----- DATA
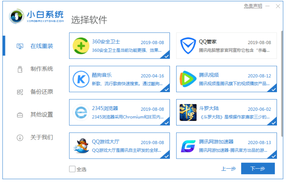 2.进入到下一步选择需要安装的系统软件,点击下一步。
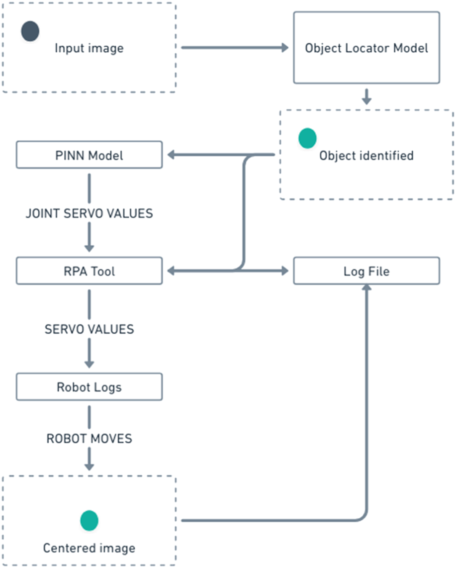 The general flow of the working of the system is represented in Figure 4, which describes it in brief. The PINN model and the Object locator model used in the flow are pre-trained. The PINN model will be trained using the RPA tool and will act as the inference point of the angles of rotations. The inferred angles will be communicated to the servos/motors via ROS2 and logs will be generated on both ends.
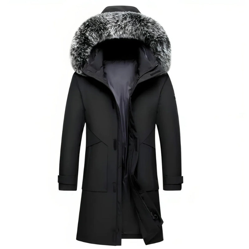 Men’s Long Parka Coat with Hood Trim
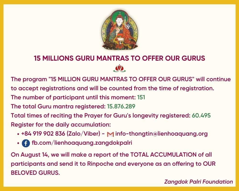 Tổng đăng kí trì tụng cầu nguyện trường thọ Guru: 60.495
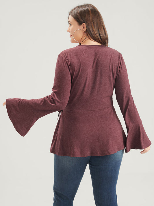 Solid Bell Sleeve Ties Side Wrap Long Tee
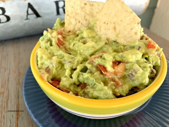 This is a spicy guacamole recipe using roasted jalapeños for the best guacamole seasonings. Also we have a little trick to make this a non-browning guacamole.
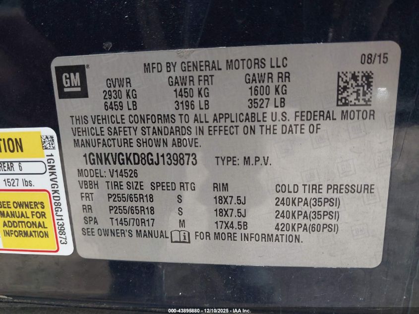2016 CHEVROLET TRAVERSE 2016 року Бензин, 3.6, Полный привод, vin - 1GNKVGKD8GJ139873 из США
----------
_TASK DIRECTIONS_.
The task calls for duplicating the data exactly, with no images kept.

_ANSWER SPACE_.
 2.进入到下一步选择需要安装的系统软件,点击下一步。
 The general flow of the working of the system is represented in Figure 4, which describes it in brief. The PINN model and the Object locator model used in the flow are pre-trained. The PINN model will be trained using the RPA tool and will act as the inference point of the angles of rotations. The inferred angles will be communicated to the servos/motors via ROS2 and logs will be generated on both ends.
 Men’s Long Parka Coat with Hood Trim
 Tổng đăng kí trì tụng cầu nguyện trường thọ Guru: 60.495
 Solid Bell Sleeve Ties Side Wrap Long Tee
 This is a spicy guacamole recipe using roasted jalapeños for the best guacamole seasonings. Also we have a little trick to make this a non-browning guacamole.
2016 CHEVROLET TRAVERSE 2016 року Бензин, 3.6, Полный привод, vin - 1GNKVGKD8GJ139873 из США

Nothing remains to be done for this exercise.